BEGIN THE DATA

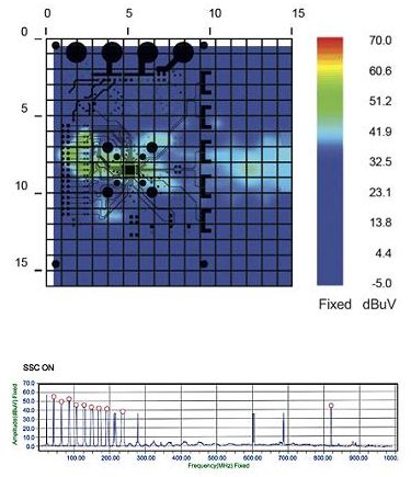 該公司期望用令人信服的量化證據(jù)來向汽車廠商說明SSCG功能可以有效降低EMI輻射。為了實現(xiàn)這個目標(biāo),設(shè)計團隊首先在SSCG功能為“關(guān)”的情況下將待測器件(DUT)放其內(nèi)部掃描儀上,加電,然后在PC中捕獲輻射特性。為了進行有效的對比,在打開SSCG功能的情況下,對同一待測器件進行了掃描。
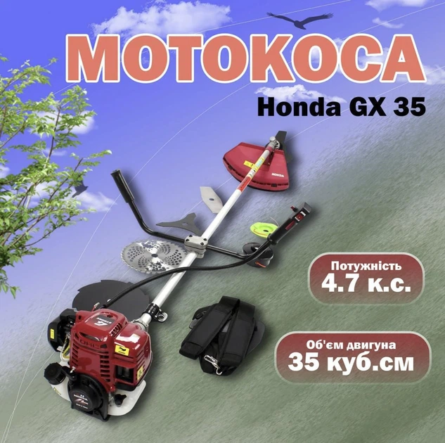 Мотокоса Honda GX 35 червона професійна та побутова для трави й кущів включно з сухостоєм та молодими пагонами дерев
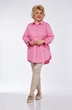 Блуза женская А силуэта. Перед с нагрудными выточками. По центру переда планка на 5 прорезных петель и пуговиц. Планка до талии. Внизу планки заложена односторонняя складка. Спинка на кокетке. Нижняя часть спинки с легкой сборкой. Воротник на стойке отложной. Рукав втачной 7/8. Низ рукава присобран на хлястик. В боковых швах разрезы и действующие карманы.
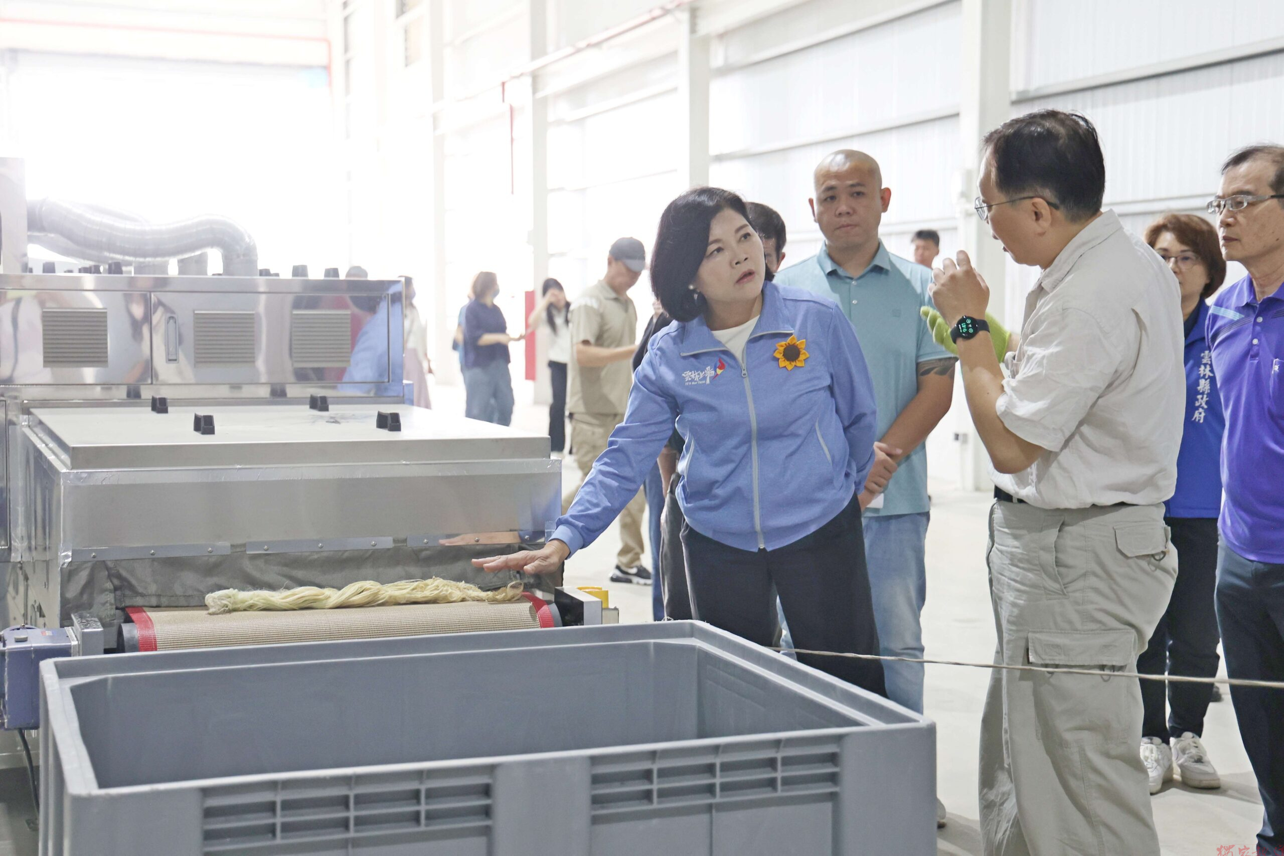 雲林縣推動鳳梨資材全循環迎來新里程碑,今(17)日縣長張麗善率隊進行勘查由保證責任雲林縣永興果菜生產合作社及國立虎尾科技大學執行推動的「農業剩餘資材循環利用場域」,透過現場導覽與製程說明,全面掌握農業剩餘資材高值化應用進展,目前該場域及設備都已完工並進入試車階段,預計5月可試營運、盼7月正式上線。
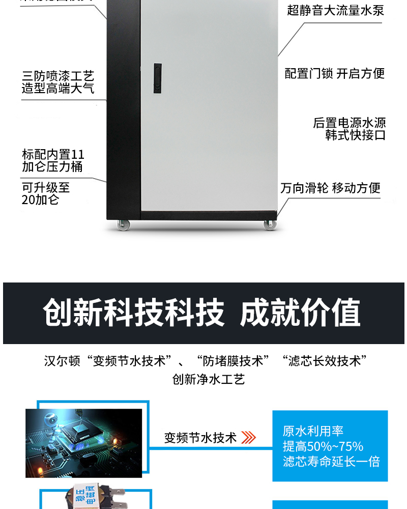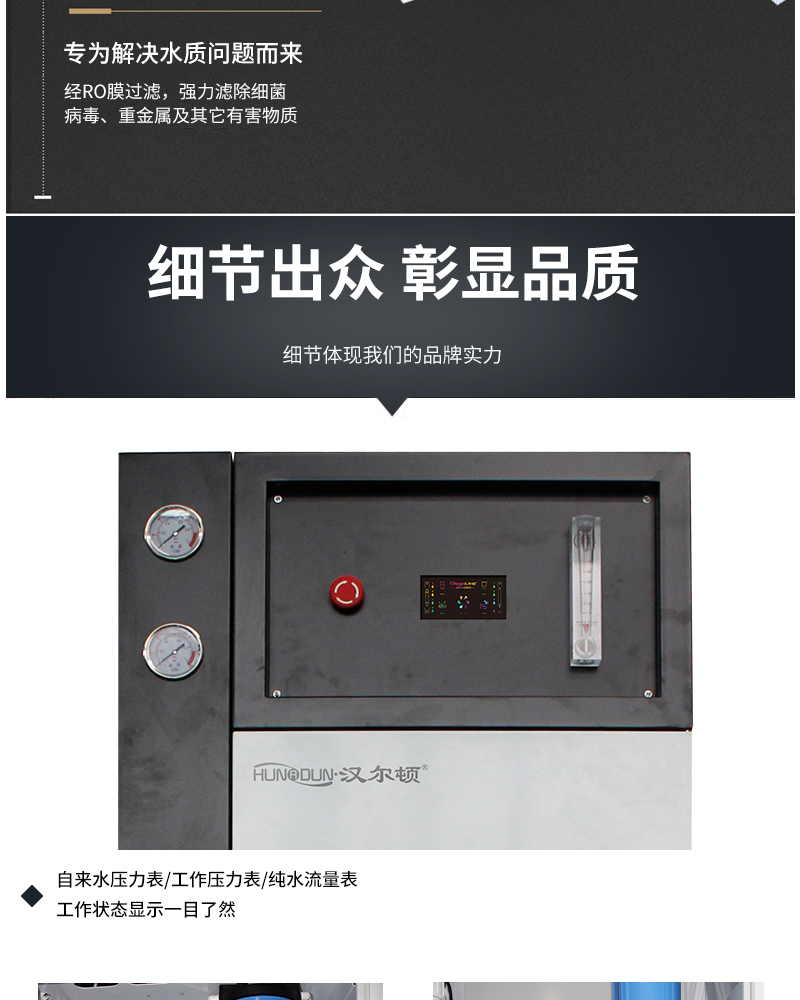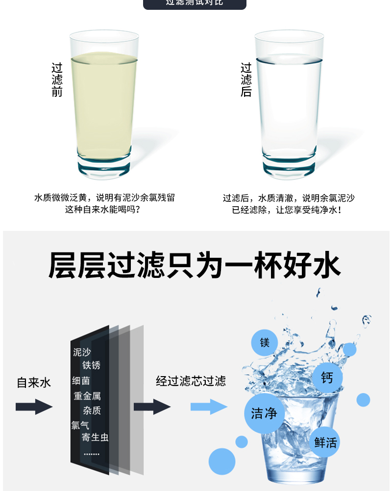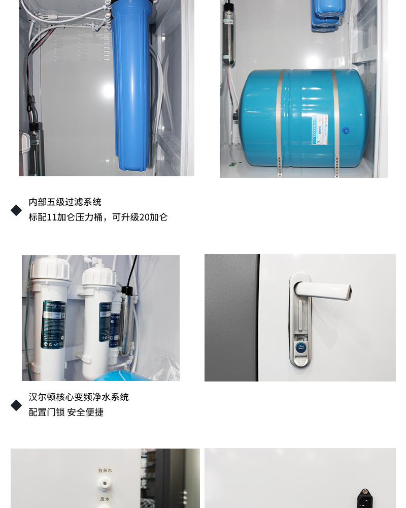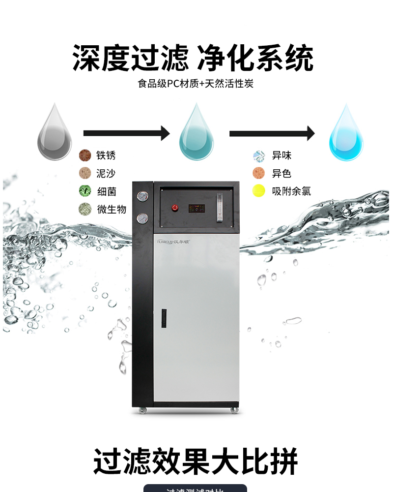 過濾系統(tǒng):初濾系統(tǒng)+吸附系統(tǒng)+直飲系統(tǒng)+反滲透系統(tǒng)+口感系統(tǒng)
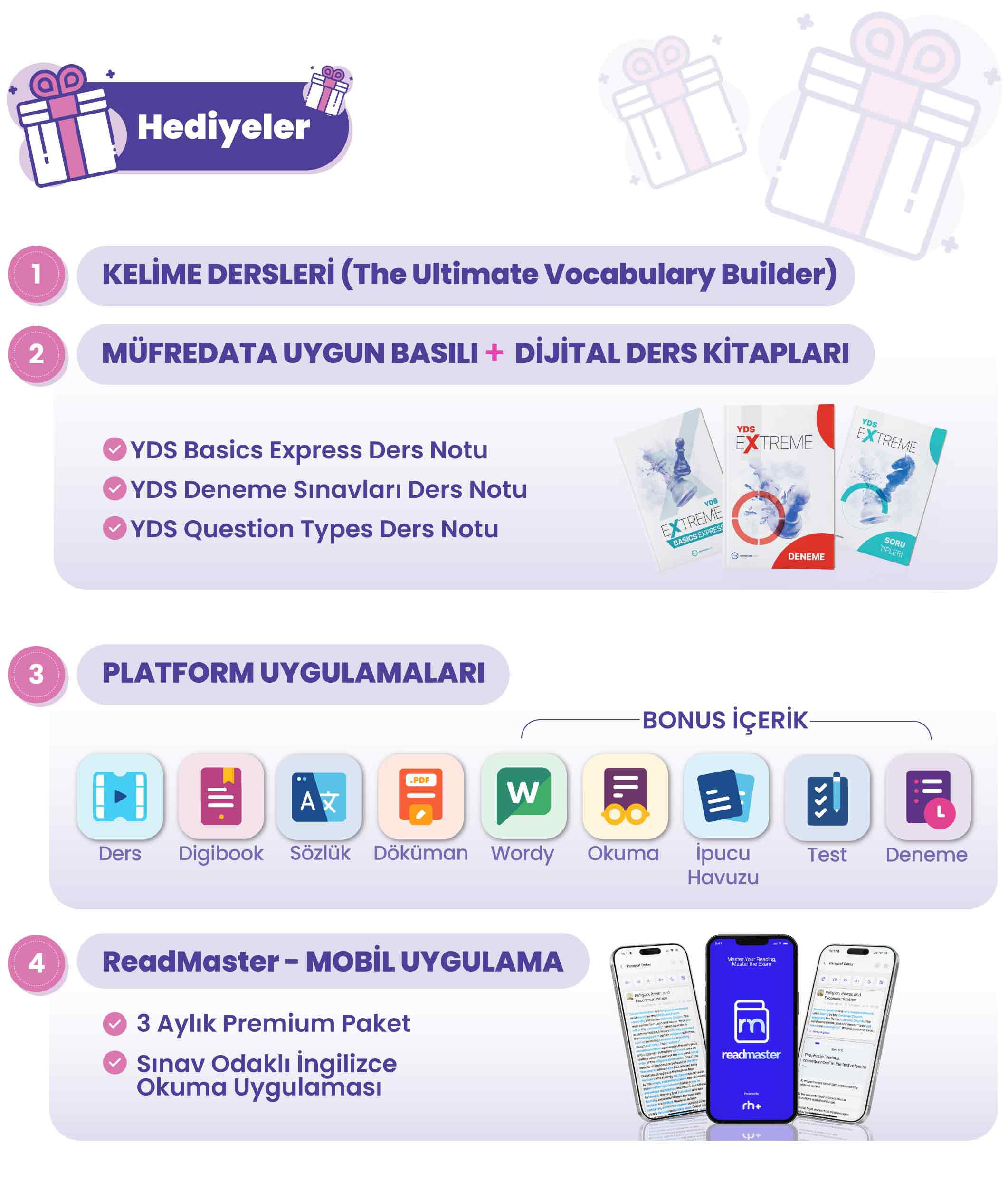 YDS Express Grubu ile sizi sınavda başarıya ulaştıran bilgi, teknik ve tecrübeyi 3 aşamada size aktarıyoruz.
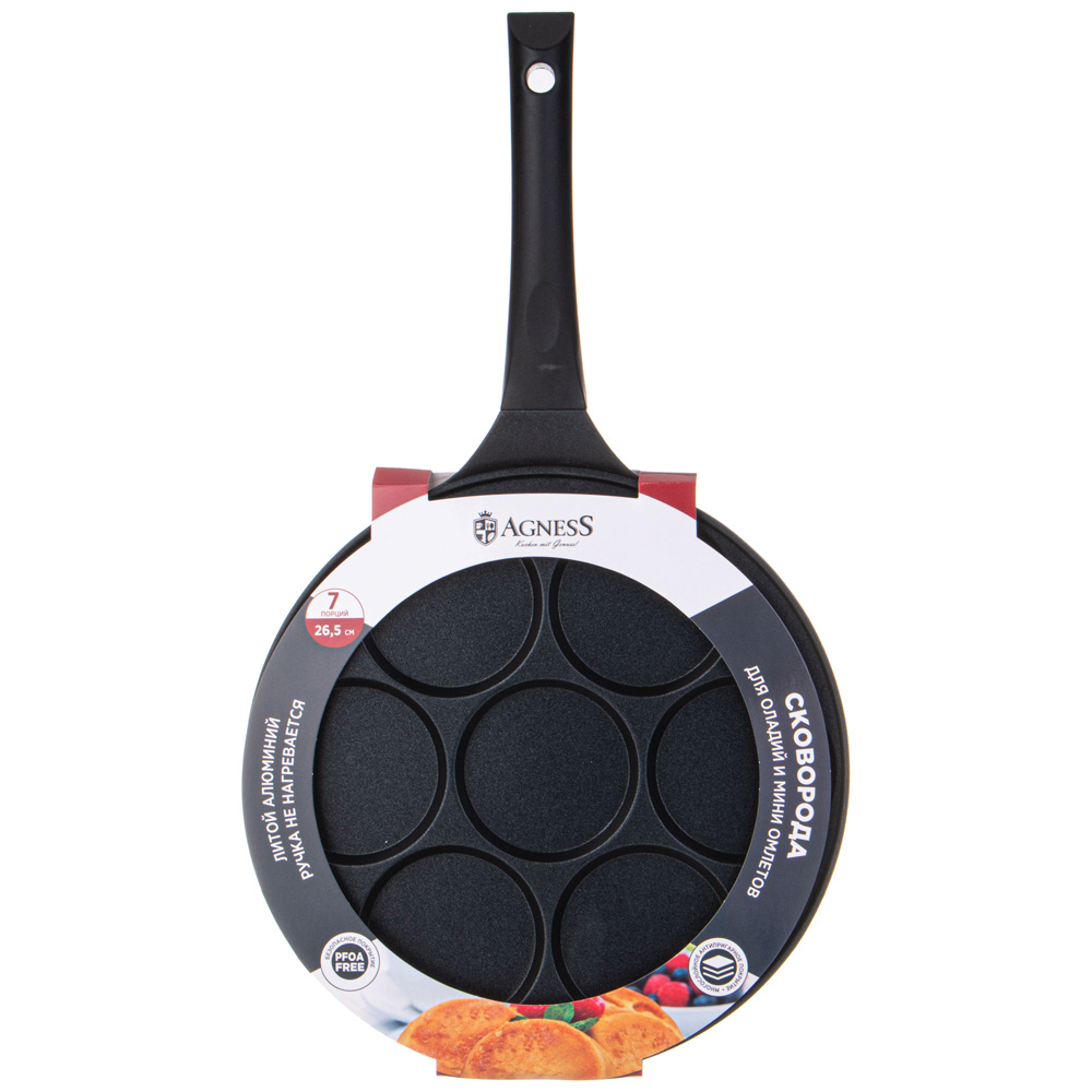 Сковороды AGNESS серии выполнены из литого алюминия. Такая посуда отличается высокой теплопроводностью и устойчивостью к деформациям. Необычный дизайн сковороды позволит приготовить идеальные оладушки и омлеты.

END THE DATA

The pictures in the data should be omitted, and every remaining line set down exactly.

### ANSWER TO THE PROBLEM
 該公司期望用令人信服的量化證據(jù)來向汽車廠商說明SSCG功能可以有效降低EMI輻射。為了實現(xiàn)這個目標(biāo),設(shè)計團隊首先在SSCG功能為“關(guān)”的情況下將待測器件(DUT)放其內(nèi)部掃描儀上,加電,然后在PC中捕獲輻射特性。為了進行有效的對比,在打開SSCG功能的情況下,對同一待測器件進行了掃描。
 Мотокоса Honda GX 35 червона професійна та побутова для трави й кущів включно з сухостоєм та молодими пагонами дерев
 Блуза женская А силуэта. Перед с нагрудными выточками. По центру переда планка на 5 прорезных петель и пуговиц. Планка до талии. Внизу планки заложена односторонняя складка. Спинка на кокетке. Нижняя часть спинки с легкой сборкой. Воротник на стойке отложной. Рукав втачной 7/8. Низ рукава присобран на хлястик. В боковых швах разрезы и действующие карманы.
 雲林縣推動鳳梨資材全循環迎來新里程碑,今(17)日縣長張麗善率隊進行勘查由保證責任雲林縣永興果菜生產合作社及國立虎尾科技大學執行推動的「農業剩餘資材循環利用場域」,透過現場導覽與製程說明,全面掌握農業剩餘資材高值化應用進展,目前該場域及設備都已完工並進入試車階段,預計5月可試營運、盼7月正式上線。
 過濾系統(tǒng):初濾系統(tǒng)+吸附系統(tǒng)+直飲系統(tǒng)+反滲透系統(tǒng)+口感系統(tǒng)
 YDS Express Grubu ile sizi sınavda başarıya ulaştıran bilgi, teknik ve tecrübeyi 3 aşamada size aktarıyoruz.
 Сковороды AGNESS серии выполнены из литого алюминия. Такая посуда отличается высокой теплопроводностью и устойчивостью к деформациям. Необычный дизайн сковороды позволит приготовить идеальные оладушки и омлеты.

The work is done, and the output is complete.